### WORK ORDER
Restate word for word the lines of the records below, starting at the line that contains "Puzzle Obłoki, Dziewczyna, Ptak, Fantasy" and ending at the line that contains "ATES-22311 テーパーエンドミル φ2.3x15°", with both of those lines included and nothing else.

### LISTED ENTRIES
■ ■ ■ ■ ■
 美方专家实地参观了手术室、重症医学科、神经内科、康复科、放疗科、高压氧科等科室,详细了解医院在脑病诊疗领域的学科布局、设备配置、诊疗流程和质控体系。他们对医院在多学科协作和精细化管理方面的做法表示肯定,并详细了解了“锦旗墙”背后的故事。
■ ■ ■ ■ ■
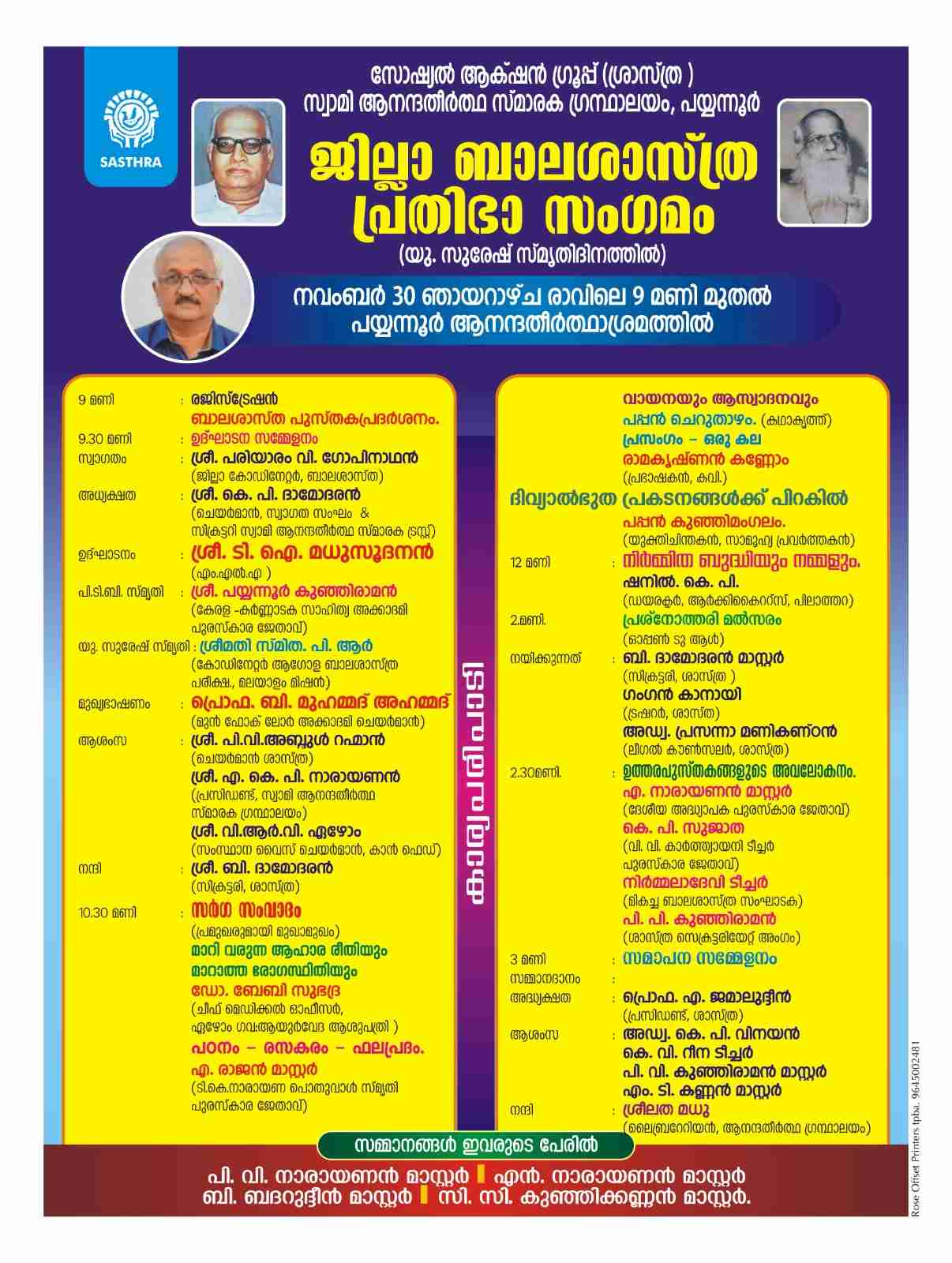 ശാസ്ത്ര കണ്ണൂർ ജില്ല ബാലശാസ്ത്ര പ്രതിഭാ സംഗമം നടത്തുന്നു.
■ ■ ■ ■ ■
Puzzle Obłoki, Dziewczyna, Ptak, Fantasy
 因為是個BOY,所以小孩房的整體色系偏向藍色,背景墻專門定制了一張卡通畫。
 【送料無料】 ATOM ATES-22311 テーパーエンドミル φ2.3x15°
■ ■ ■ ■ ■
### RESULT FOR THIS TASK
Puzzle Obłoki, Dziewczyna, Ptak, Fantasy
 因為是個BOY,所以小孩房的整體色系偏向藍色,背景墻專門定制了一張卡通畫。
 【送料無料】 ATOM ATES-22311 テーパーエンドミル φ2.3x15°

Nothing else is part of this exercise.